TASK DIRECTIONS.
Strip the pictures and reproduce the rest of the listing exactly.

SUPPLIED DATA.
------

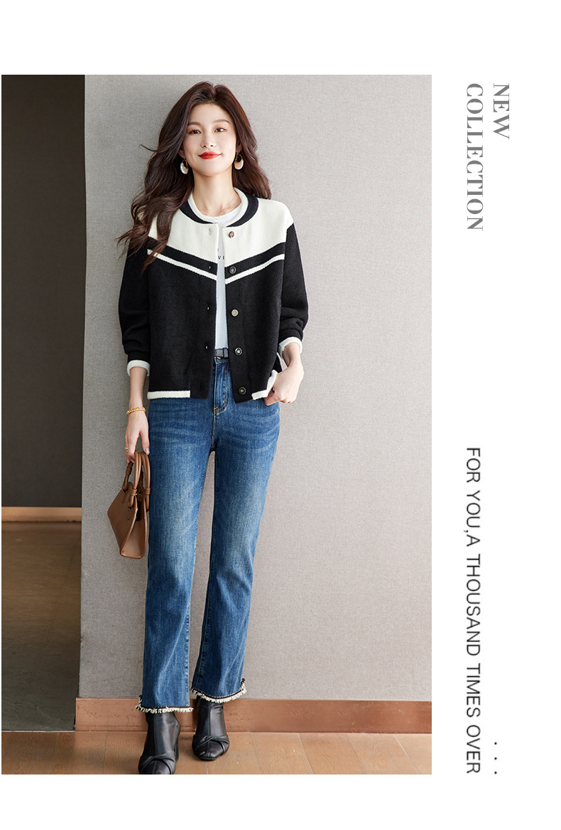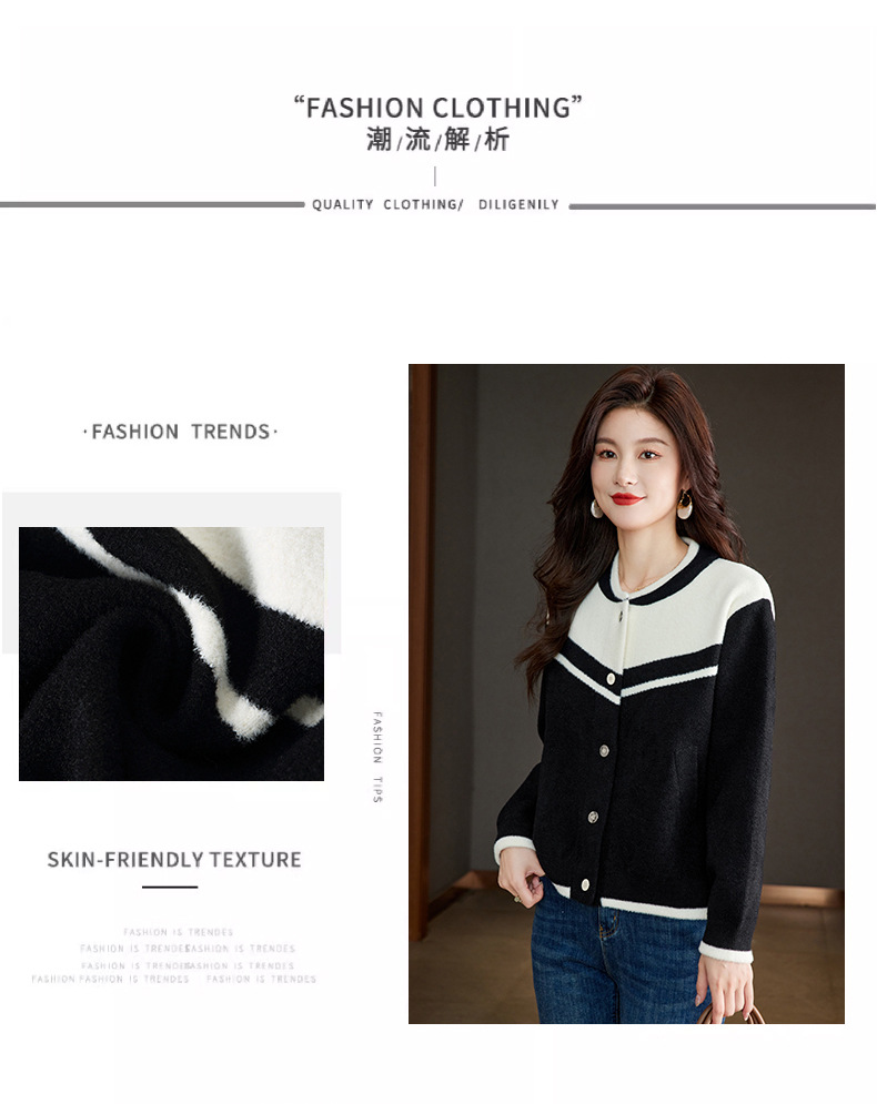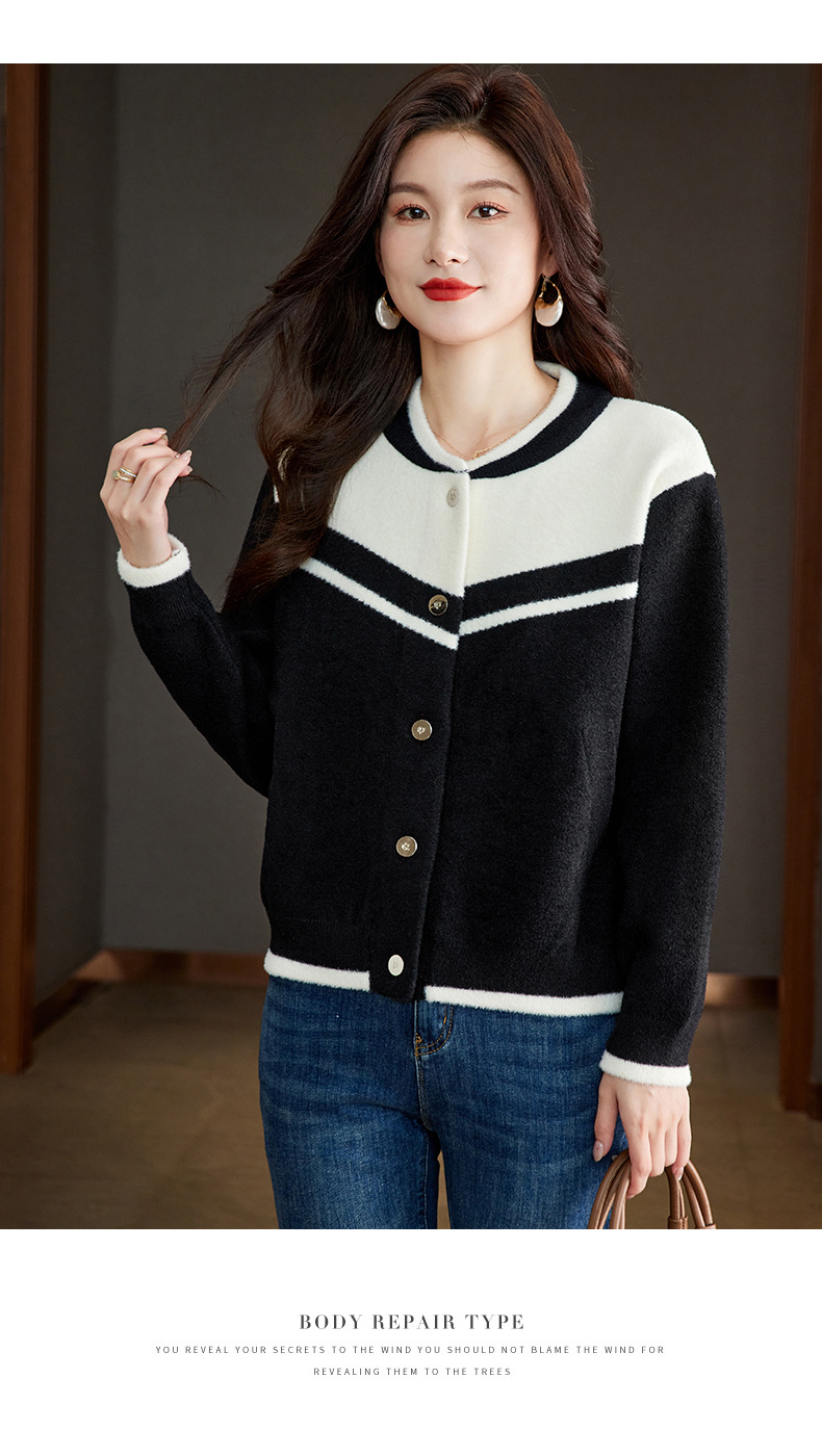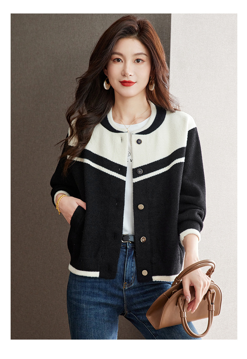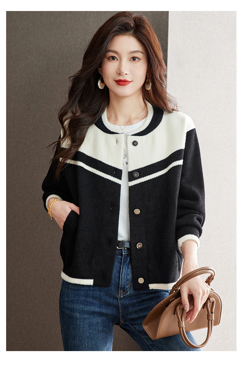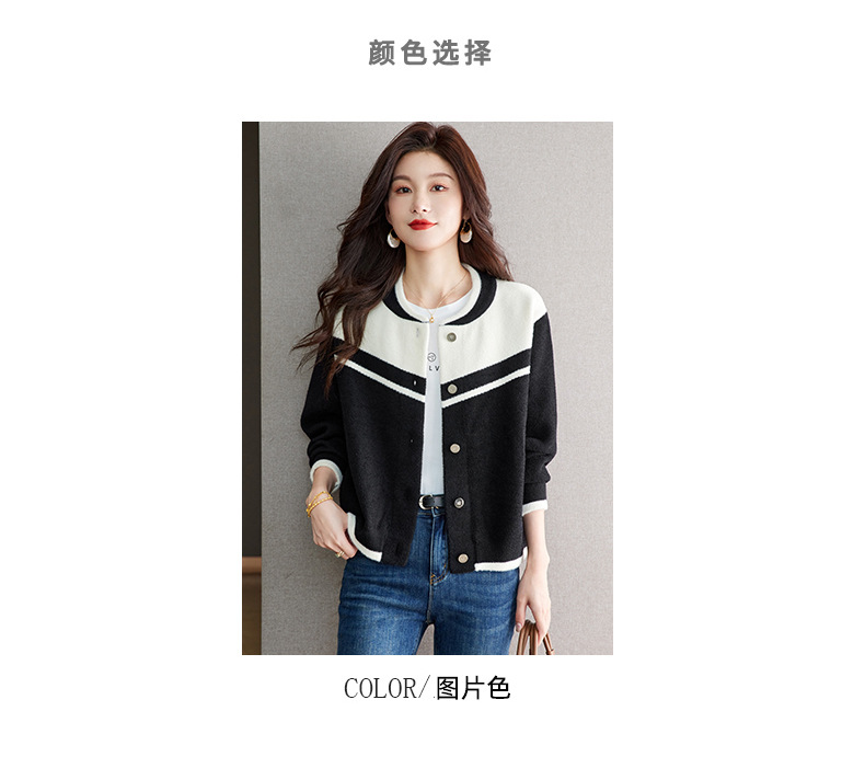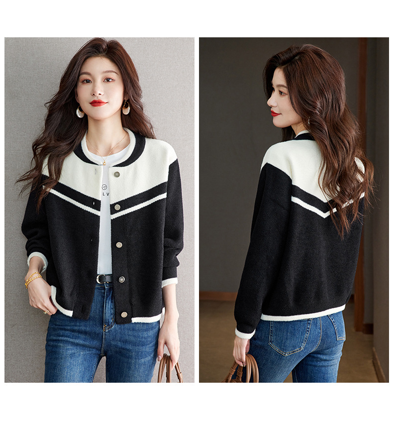 CC-22-115春秋厚款时尚休闲棒球服外搭宽显瘦撞色毛衣外套夹克针织开衫
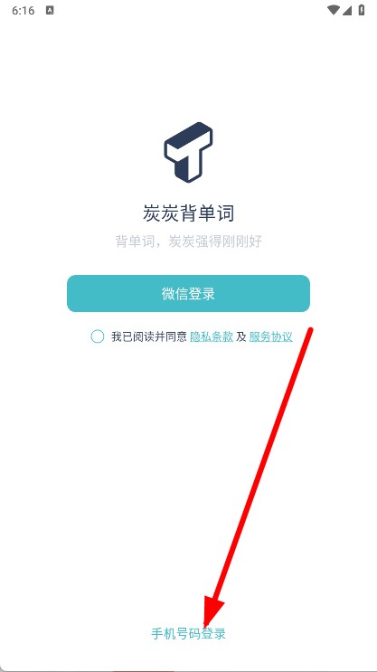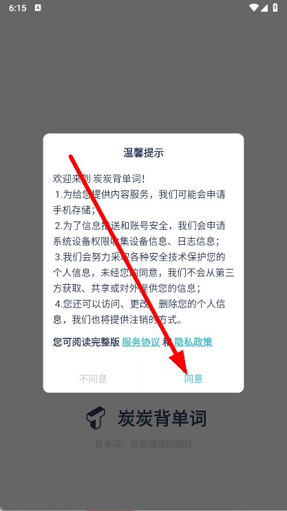 1、打开炭炭背单词APP,在温馨提示页面点击同意。
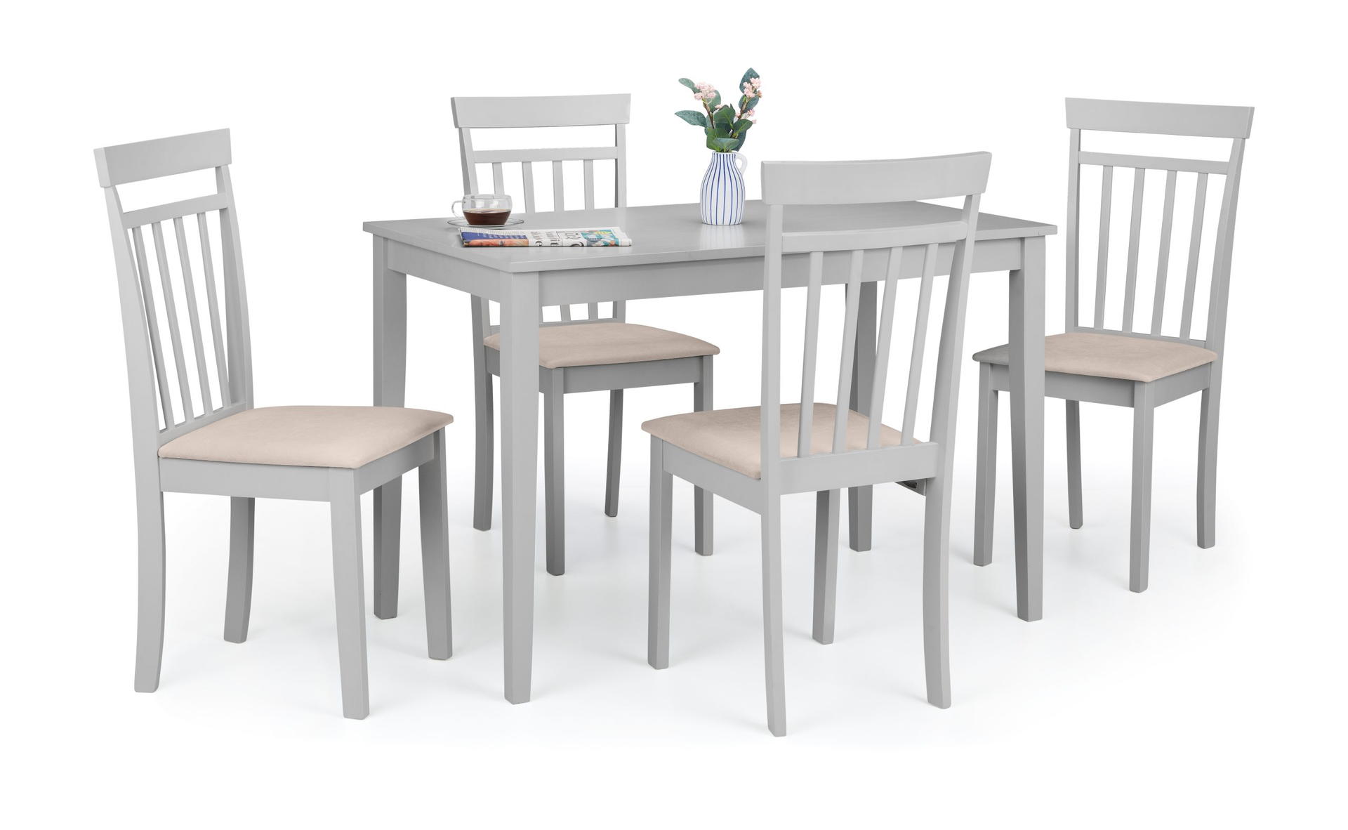 A compact 4-place setting design in durable Grey lacquered finish..

------

THE COMPLETED TASK.
 CC-22-115春秋厚款时尚休闲棒球服外搭宽显瘦撞色毛衣外套夹克针织开衫
 1、打开炭炭背单词APP,在温馨提示页面点击同意。
 A compact 4-place setting design in durable Grey lacquered finish..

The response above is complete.